Each line below must be reproduced exactly as it stands. Pictures stay out of the copy.

DATA START

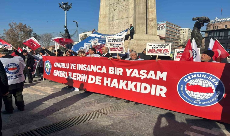 Emekli Memur-Sen tarafından Ankara Ulus Heykeli önünde basın açıklaması düzenlendi. Emekli Memur-Sen Başkanı Ali Küçükkösen emekli aylıklarıyla ilgili yaptığı açıklamada, “Emekli olunca rahat bir hayat yaşarız ümidiyle çalıştık çabaladık, devletimize prim ödedik, milletimize hizmet ettik, ülkemizin gelişmesine ve büyümesine katkı sağladık. Bugün geldiğimiz noktada içinde bulunduğumuz sistem emeklileri devlete yük ve maliyet olarak gösteriyor” ifadelerini kullandı.
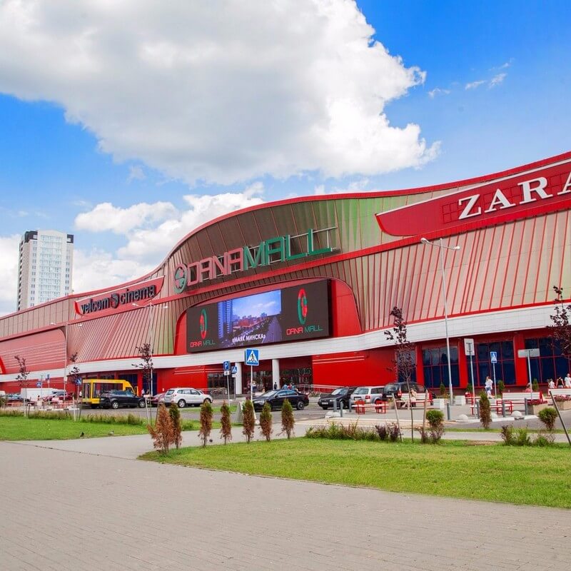 Огромный торговый центр, в котором нашлось место для магазинов более 100 брендов. Примечательно, что здесь остались торговые точки производителей, которые ушли из России: «Zara», «Zara Home», «New Yorker», «Massimo Dutti», «Puma», «Stradivarius», «Adidas», «Bershka». В бутиках местных производителей можно найти оригинальные вещи по демократичным ценам. Например, футболки и толстовки «Mark Formelle» с задорными надписями на белорусской мове, или обувь «Marko» из натуральной кожи. «Беларускi Лён» – магазин экологически чистого текстиля для дома, женской и мужской одежды. Здесь можно купить качественные и натуральные вещи в подарок близким. «Bell Bimbo» – бренд белорусской одежды для детей.
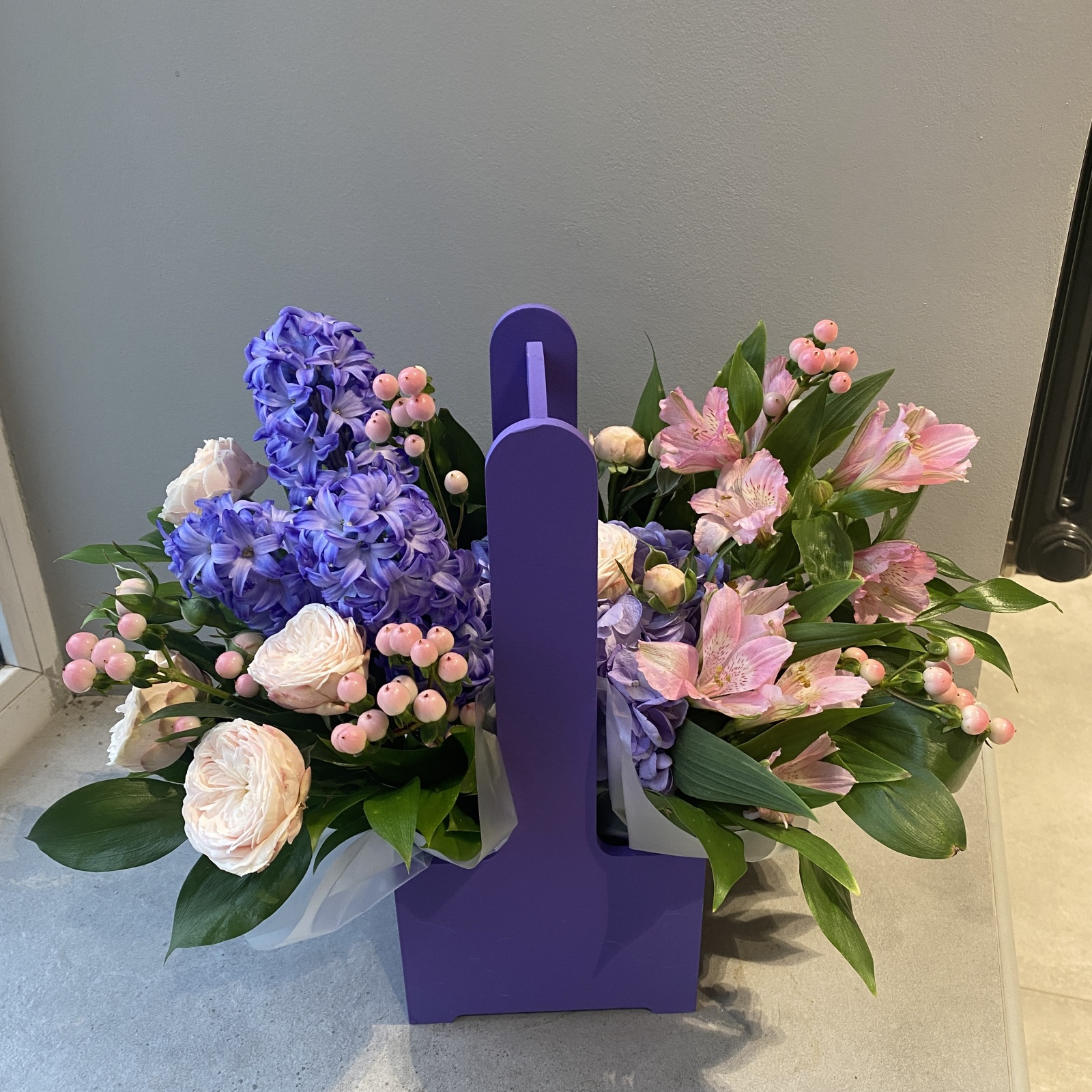 Состав: гиацинт 3, альстромерия 2, роза кустовая 1, гортензия 1, рускус 0,3 и прочее.

DATA END

▶ **RESPONSE TO THIS EXERCISE**
 Emekli Memur-Sen tarafından Ankara Ulus Heykeli önünde basın açıklaması düzenlendi. Emekli Memur-Sen Başkanı Ali Küçükkösen emekli aylıklarıyla ilgili yaptığı açıklamada, “Emekli olunca rahat bir hayat yaşarız ümidiyle çalıştık çabaladık, devletimize prim ödedik, milletimize hizmet ettik, ülkemizin gelişmesine ve büyümesine katkı sağladık. Bugün geldiğimiz noktada içinde bulunduğumuz sistem emeklileri devlete yük ve maliyet olarak gösteriyor” ifadelerini kullandı.
 Огромный торговый центр, в котором нашлось место для магазинов более 100 брендов. Примечательно, что здесь остались торговые точки производителей, которые ушли из России: «Zara», «Zara Home», «New Yorker», «Massimo Dutti», «Puma», «Stradivarius», «Adidas», «Bershka». В бутиках местных производителей можно найти оригинальные вещи по демократичным ценам. Например, футболки и толстовки «Mark Formelle» с задорными надписями на белорусской мове, или обувь «Marko» из натуральной кожи. «Беларускi Лён» – магазин экологически чистого текстиля для дома, женской и мужской одежды. Здесь можно купить качественные и натуральные вещи в подарок близким. «Bell Bimbo» – бренд белорусской одежды для детей.
 Состав: гиацинт 3, альстромерия 2, роза кустовая 1, гортензия 1, рускус 0,3 и прочее.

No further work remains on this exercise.